Un message d’Esther Benbassa, sénatrice EELV du Val-de-Marne

La vie d’une sénatrice est à la fois éreintante et passionnante. Je circule à travers tout le département, honore les grandes commémorations aux côtés du Préfet, appuie les candidats EELV aux élections, comme je l’ai fait, par exemple, lors des municipales, à Vincennes où je suis venue soutenir Pierre Serne et son équipe. Je réponds aux doléances des habitants, aide les associations avec ma réserve parlementaire, me rends à moult réunions pour rester en contact avec la population et ses élus. Et quand arrive janvier, je tourbillonne de ville en ville pour les cérémonies des vœux, autre occasion de me mettre au diapason du terrain. Je ne suis au fond qu’une toile tissée de fils multicolores, qui s’étend du Sénat jusqu’à chacune des communes du 94.

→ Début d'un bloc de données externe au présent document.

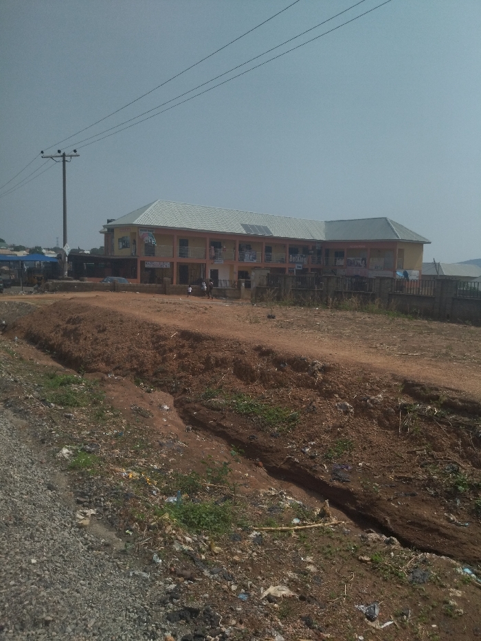 two-story building with a green roof in the city of Abuja, Nigeria, at the coordinates 8.913 latitude and 7.563 longitude. The building is made of concrete and has a fence in front of it. There are a few trees and bushes around the building. In the foreground, there is a dirt road, with a ditch on the side. The ditch is filled with trash and debris. There are a few people walking in front of the building, and there is a truck parked on the road to the left. There are several power lines going overhead. The sky is clear and blue.
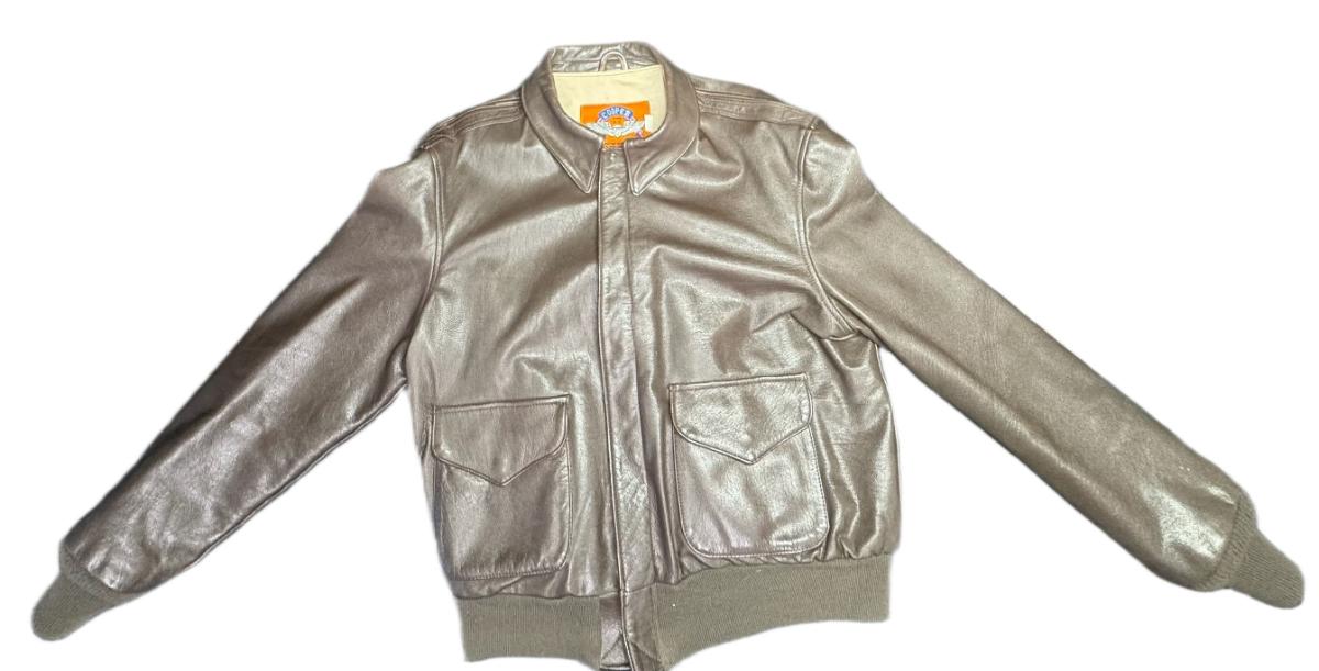 A depiction of the 50th Anniversary of the close of WW2 is on the inside. The jacket was made in USA, in 1995. Size is 44R. [CS]
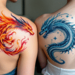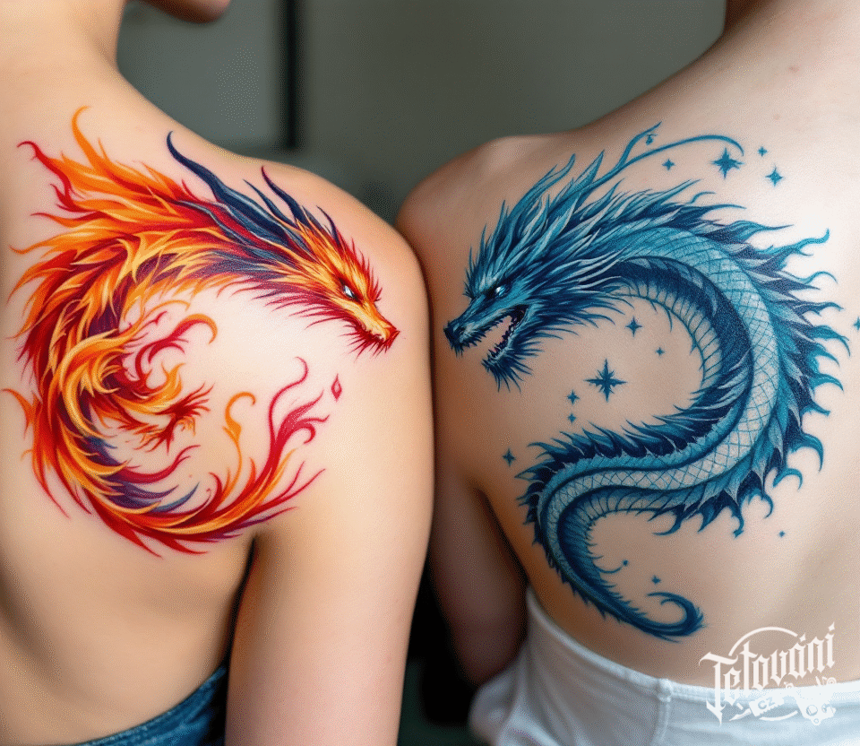 Společná tetování pro zamilované páry, mýtické bytosti, draci na lopatce
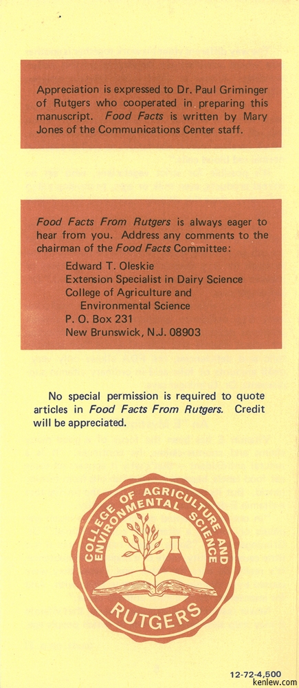 Food Facts from Rutgers College of Agriculture & Environmental Science. Jul-August, 1972
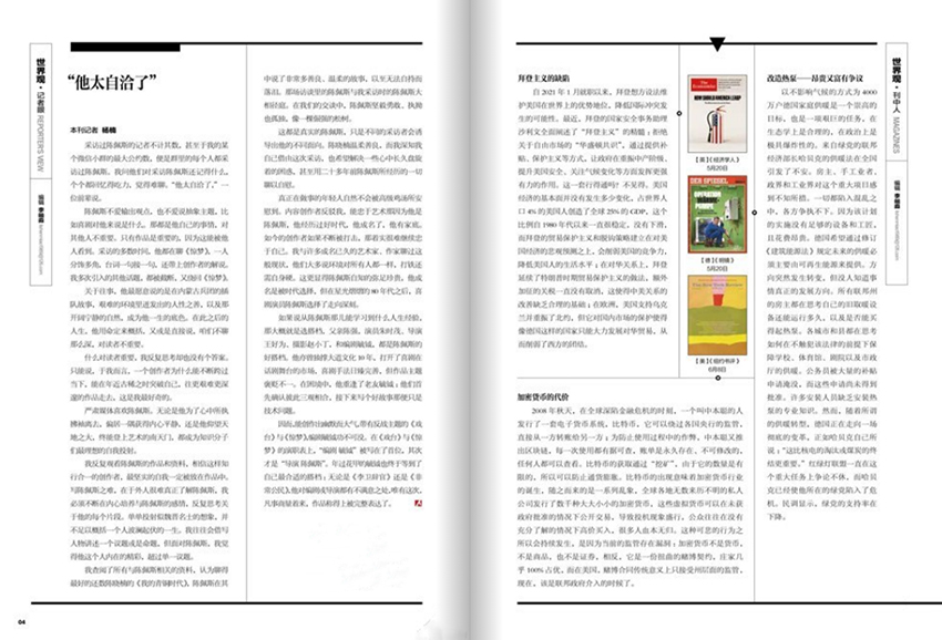 总之,《南方人物周刊》是一本具有深度和影响力的人物类杂志,以独特的视角呈现各种人物故事,关注中国各地社会斑斓多彩的侧面,记录各行各业中的普通人和异数人的生活故事。该杂志有广泛而深入的社会背景和历史文化背景,对于记录中国社会和文化的发展有着重要的作用。它注重新闻报道、调查报道、人物故事和文化评论,提供给读者丰富多彩的深度阅读体验。

Oreille et porte-parole de sa circonscription, une sénatrice est avant tout une législatrice passant ses jours et ses nuits à produire ou à accompagner des textes de loi, à en débattre, à tenter de les faire voter, ou au moins de les amender pour qu’ils répondent au modèle de société auquel nous aspirons. Venant de la société civile, je suis au sein du groupe écologiste du Sénat celle qui s’occupe des droits humains, des discriminations et des libertés individuelles. Vaste domaine, où il est d’usage de prendre des coups… J’ai défendu le mariage pour tous, les droits des transsexuels, la légalisation du cannabis, les détenus malades, la réforme pénale, les immigrés, les banlieues, l’abrogation du délit de racolage, les gens du voyage, les Roms… et la liste est encore longue.

On m’appelle, paraît-il, la sénatrice des indignés. Mais la première à être indignée, c’est moi ! Mes propositions de lois dérangent un gouvernement effrayé par les questions sociétales. Ce qui me vaut des rappels à l’ordre réguliers. Tant pis. Je suis là pour porter des convictions. Rien d’autre ne compte vraiment.